Каждый человек — это маяк для других людей, которые его любят и тянутся к нему. Если маяк гаснет, корабли идут мимо. Они не знают, что там, в кромешной тьме, затаился маяк. Он не излучает ни тепла, ни света.

Конечно, у него были основания для депрессии. Он пережил сильнейший стресс — болезнь и инвалидность дочери — и сломался. Жизненные потрясения и стрессы — это прививки, они формируют наш иммунитет.

У меня было сложное детство, полное лишений, потерь, зашкаливающих за норму переживаний. Символ моего детства — мокрая от слез подушка. Этот опыт научил меня грамотно страдать. Страдать грамотно — значит не съезжать в жертвенность. Страдания отныне делали меня активной. После каждого очередного потрясения я уже не падала на обочину жизни без сил, а, наоборот, разгонялась. Я со всем отчаянием бежала вперед, согнувшись от боли. Смерти, потери, болезни близких — это удар в солнечное сплетение. Я научилась бегать по жизни, согнувшись от страданий, но не теряя в темпе.

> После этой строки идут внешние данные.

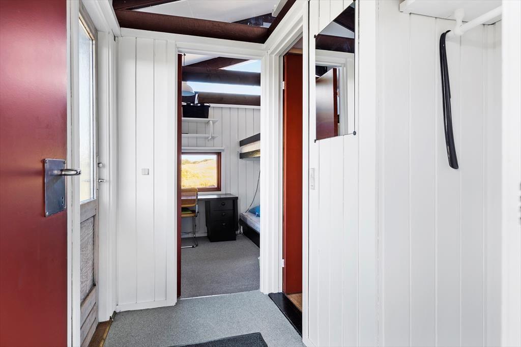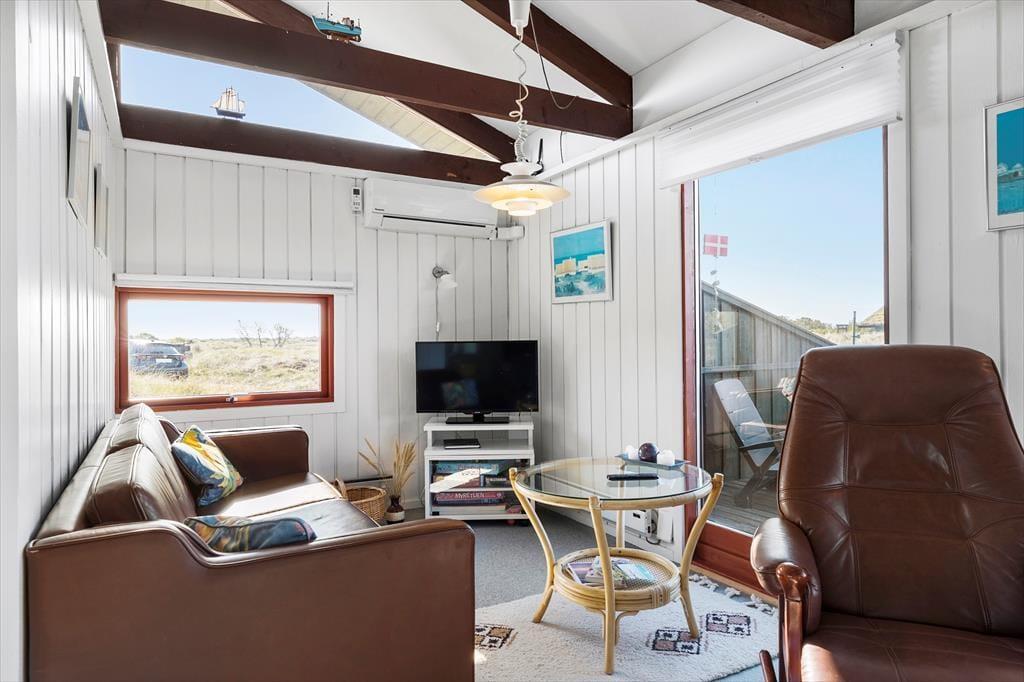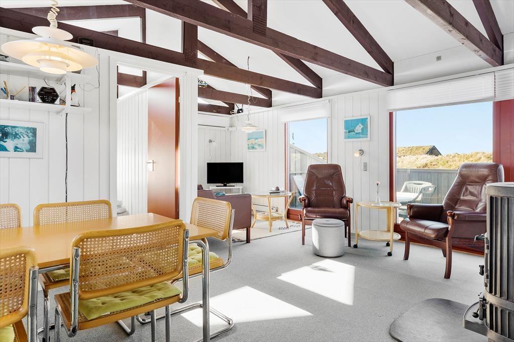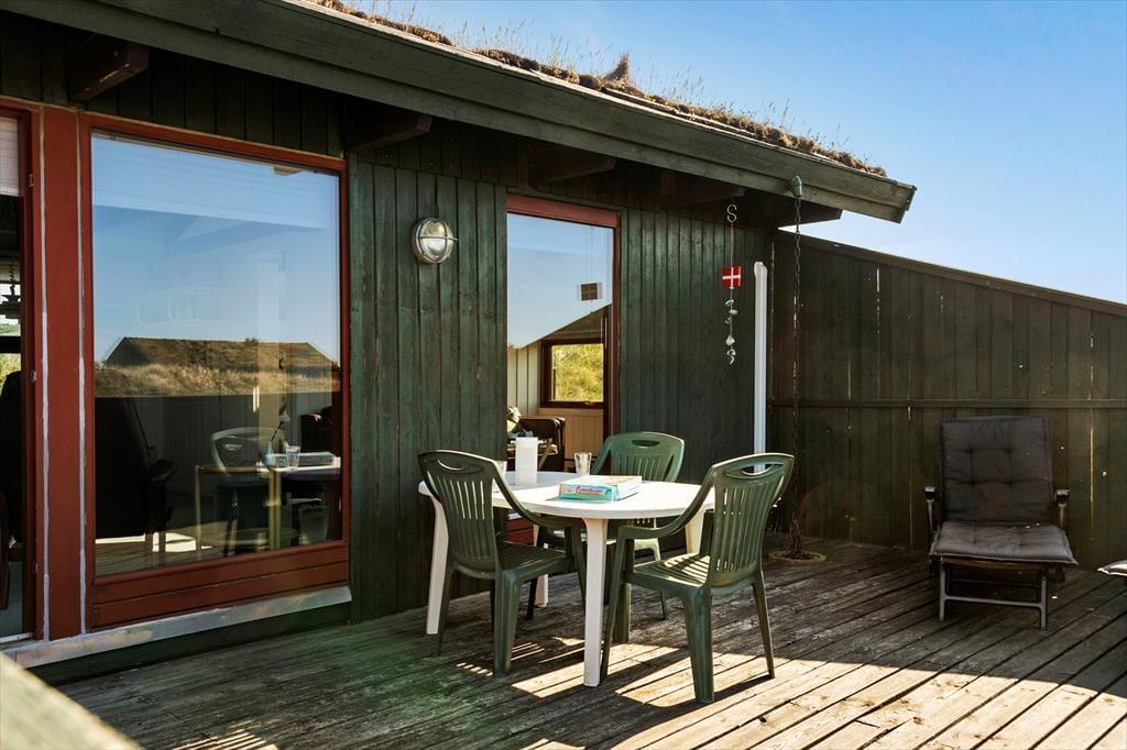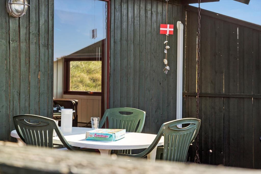 På husets dejlige terrasse er der rig mulighed for at nyde ferielivet i det fri. Her kan du starte dagen med morgenkaffen i solen, spise frokost i læ af huset eller slutte dagen af med grillmad, mens aftensolen kaster gyldne stråler over klitterne. Naturgrunden omkring huset indbyder til afslapning såvel som leg, og udsigten til klitterne giver en helt særlig stemning. Du kan tage hunden med på en frisk gåtur direkte fra huset, hvor stierne fører dig gennem den fredelige natur og ned til stranden – perfekt til både morgen- og aftenture.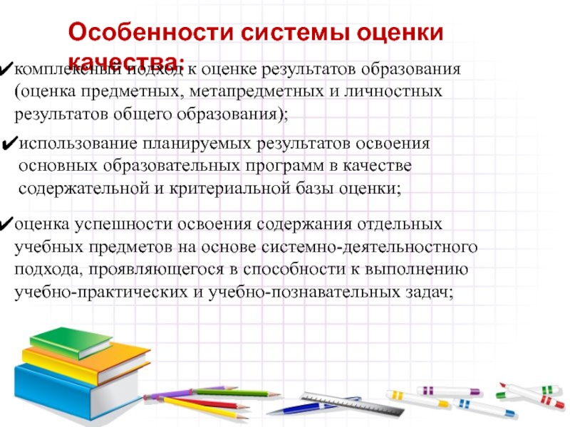 Слайд 3Особенности системы оценки качества: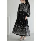 ワンピース 庭園の風景を描いたトワルドジュイ柄ミディアムワンピース

Мой муж в отличие от меня никогда не переживал сильных жизненных потрясений. Никого не хоронил и не терял, у него не было глобальных предательств, он не жил нервами наружу, его не выворачивали наизнанку. У него хорошая, большая семья, образцовые родители, отличная карьера, ранний успех. Иммунитета к страданиям не было никакого.

Когда я смотрю, как все вокруг стремятся создать своим детям беспроблемное детство, я часто думаю, не медвежья ли это услуга. Выпустив своих нарядных отпрысков, причесанных, красивых, со стройной психикой во взрослую жизнь с ее потрясениями, стрессами, потерями и проблемами, не станет ли это для них откровением, не придут ли они к нам в 20 лет все в душевных синяках, не спросят ли: какого черта, мам, ты не предупредила?

Когда у мужа случилась первая серьезная трагедия, она оглушила его сразу и мгновенно. Свет маяка коротнул и погас. Муж погрузился во тьму. Мгла заполоняла пространство вокруг, он ее не замечал. Он замер в этой невесомости, убаюкал себя в ней, застыл на год или около того.

Я заметила, что свет погас, и хотела починить проводку, но этого нельзя сделать со стороны. Нельзя прийти в чужой маяк. Нужно, чтобы хозяин маяка сам захотел его снова зажечь.

Но чаще всего хозяин маяка наслаждается тьмой. Он не знает, что болен, он думает, что просто устал. А время неумолимо идет. То самое время, которое состоит из сегодня, а завтра нет. Очень страшно.

Перейти на страницу:

Похожие книги

Третий звонок
Третий звонок

В этой книге Михаил Козаков рассказывает о крутом повороте судьбы – своем переезде в Тель-Авив, о работе и жизни там, о возвращении в Россию…Израиль подарил незабываемый творческий опыт – играть на сцене и ставить спектакли на иврите. Там же актер преподавал в театральной студии Нисона Натива, создал «Русскую антрепризу Михаила Козакова» и, конечно, вел дневники.«Работа – это лекарство от всех бед. Я отдыхать не очень умею, не знаю, как это делается, но я сам выбрал себе такой путь». Когда он вернулся на родину, сбылись мечты сыграть шекспировских Шейлока и Лира, снять новые телефильмы, поставить театральные и музыкально-поэтические спектакли.Книга «Третий звонок» не подведение итогов: «После третьего звонка для меня начинается момент истины: я выхожу на сцену…»В 2011 году Михаила Козакова не стало. Но его размышления и воспоминания всегда будут жить на страницах автобиографической книги.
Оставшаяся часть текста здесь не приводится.